* INFORMATION
[Start of Attachment]

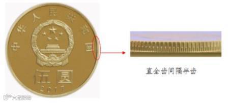一、直全齿间隔半齿:硬币边缘分布有交替排列的全齿与半齿。
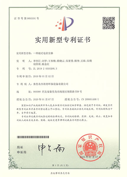 一種濕電除塵器-2020
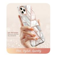 Smuklejsza forma pancernej ochrony to etui Supcase Cosmo. Obudowa wykonana została z dwóch uzupełniających się materiałów - amortyzującego TPU oraz wzmacniającego go poliwęglanu. Taka konstrukcja, pomimo zmniejszonych gabarytów w stosunku do konwencjonalnych etui pancernych, pozwala na skuteczne tłumienie ekstremalnych upadków. Dodatkowo przedni panel wyposażony został w ramkę co pozwala nie tylko separować ekran przy bezpośrednim położeniu telefonu wyświetlaczem do powierzchni płaskiej ale również zabezpiecza przednią część telefonu przed zarysowaniami gdy upadnie na nierówności.
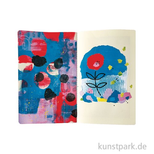 Gestalte Dein Journal mit den beliebten Gelli Arts Plates und einzigartigen Prints! Das Set enthält eine 3x5" Gelli Arts Druckplatte, ein Journal mit 20 Seiten, eine Walze, Schablone, Strukturkarton, Papier, Punchinella, Garn und eine Anleitung.
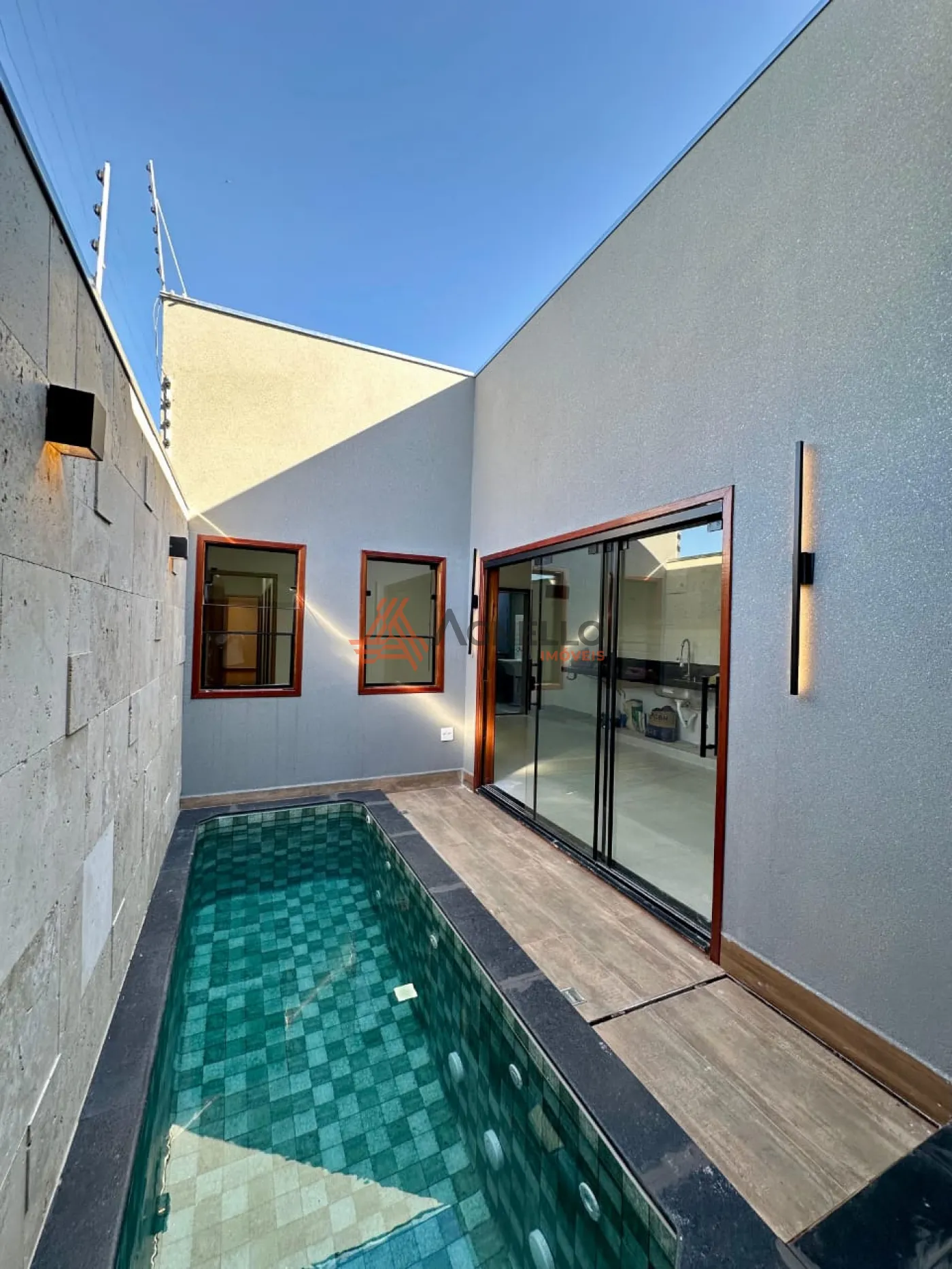 Imóvel novo, com ótimo acabamento, três dormitórios sendo uma suíte com área de claridade, banheiro social, ampla sala integrada com cozinha, lavabo, piscina, lavanderia e garagem coberta para dois carros.
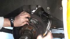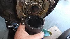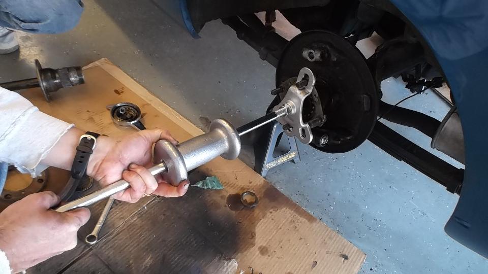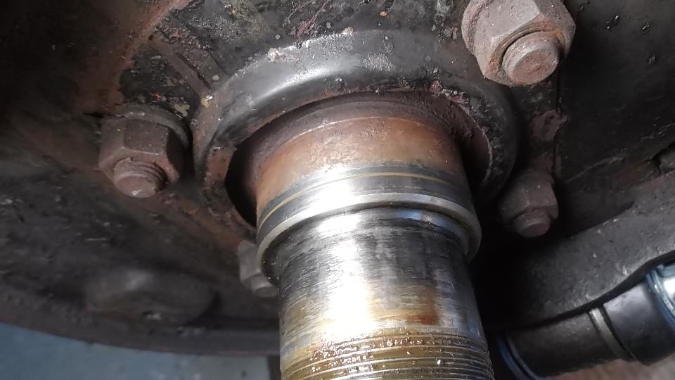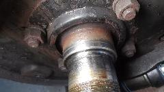 Then the rotating hub bearing was stuck on the axle housing (we come to expect this by now, right?). So off to the parts store for more big boy tools. This time it was a 5-pound slide hammer with the axle puller attachment. That did the job in short order, and the tool was returned for credit (the standard tool lending arrangement). Then we thought there was a wear groove in the axle housing that might shortly chew up a new hub seal. We were contemplating putting the job on hold pending procurement of a Speedi-Sleeve as the prescribed repair part. But on closer inspection, the mark on the housing appeared to be only discoloration from the old seal, as we could not feel any scratch here with finger tip of finger nail. So we decided to put it back together with a new seal. If it might leak later, then we get to do part of this over to install a Speedi-Sleeve later.
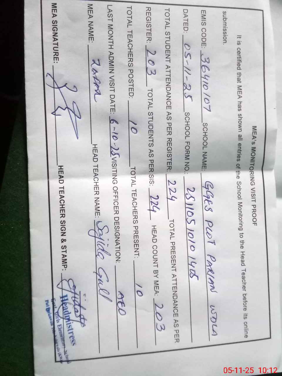 | Attendance Register | Head Teacher | MEA with School | Visit Proof |
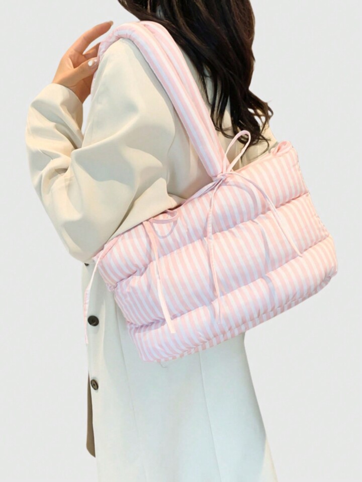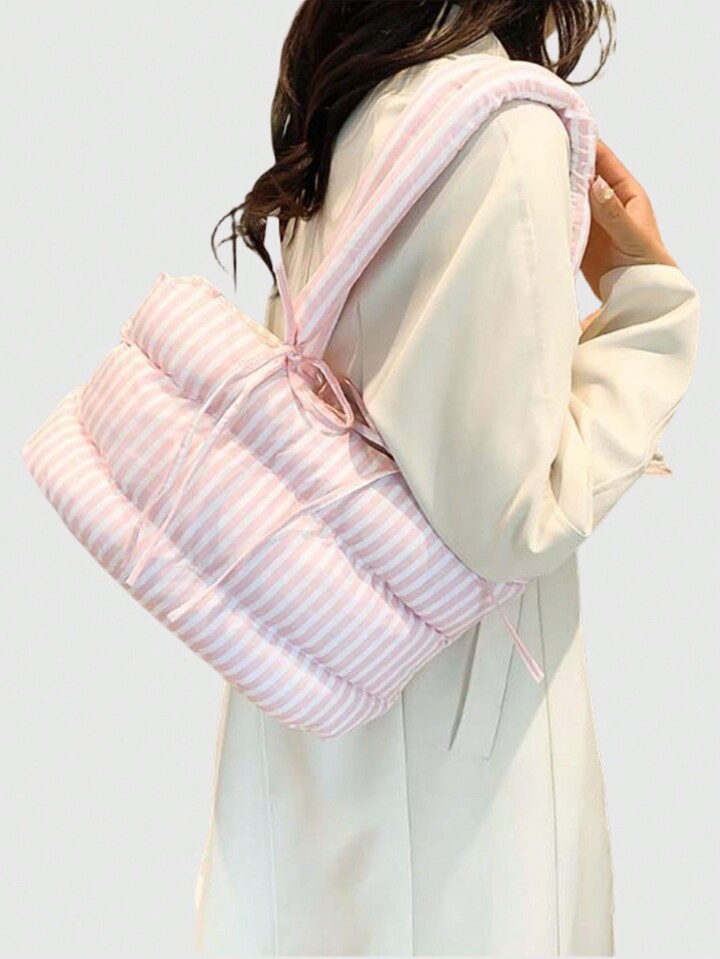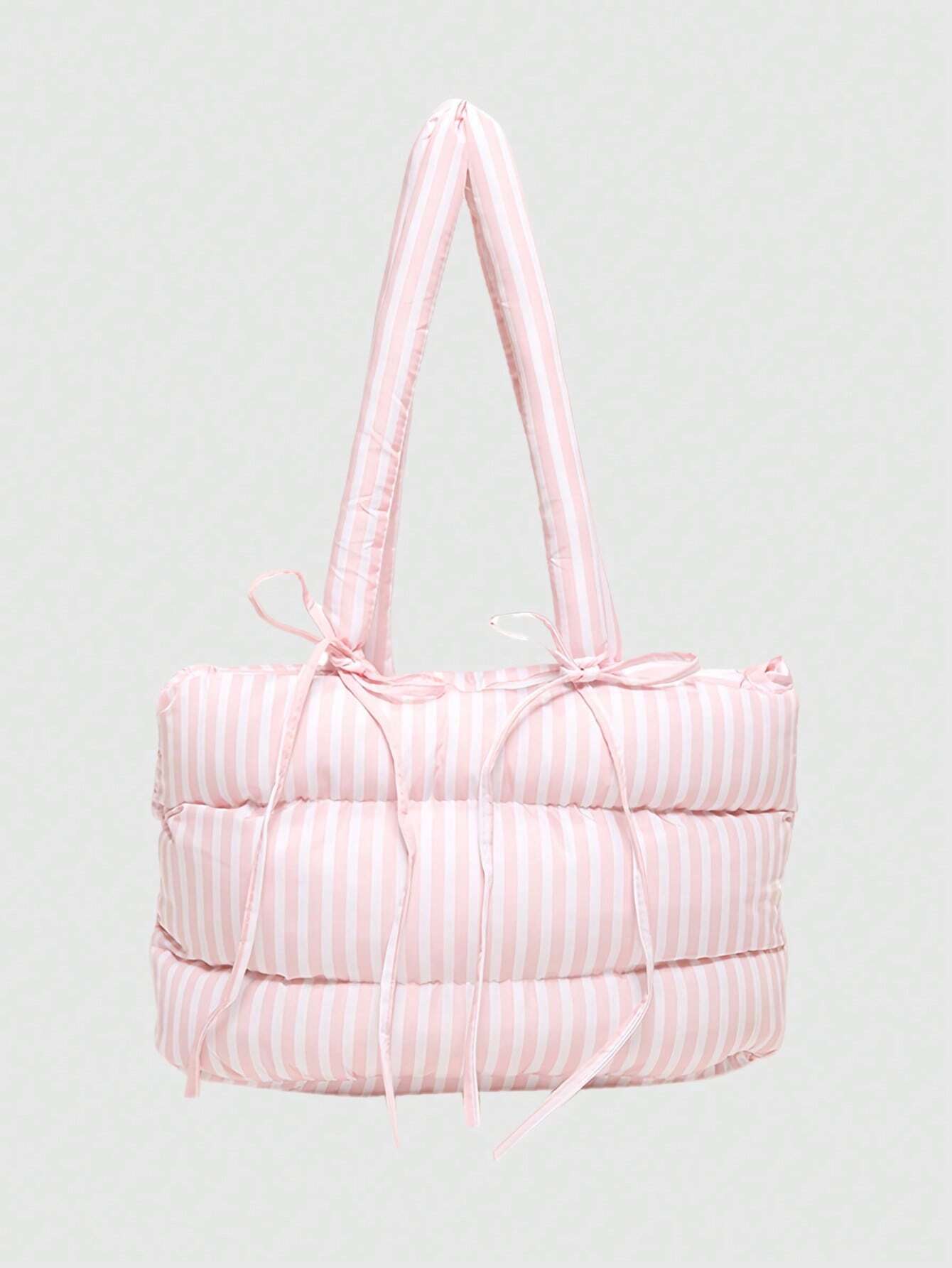 Kawaii Borsa a tracolla da donna con semplice decorazione a fiocco, borsa tote con motivo a righe e chiusura a laccetti, di grande capienza

[End of Attachment]

* TASK
Please retype exactly the lines from the line containing "Visit Proof |" through the final line of the records above, inclusive, leaving out any pictures.

* ANSWER TO THE PROBLEM
 | Attendance Register | Head Teacher | MEA with School | Visit Proof |
 Kawaii Borsa a tracolla da donna con semplice decorazione a fiocco, borsa tote con motivo a righe e chiusura a laccetti, di grande capienza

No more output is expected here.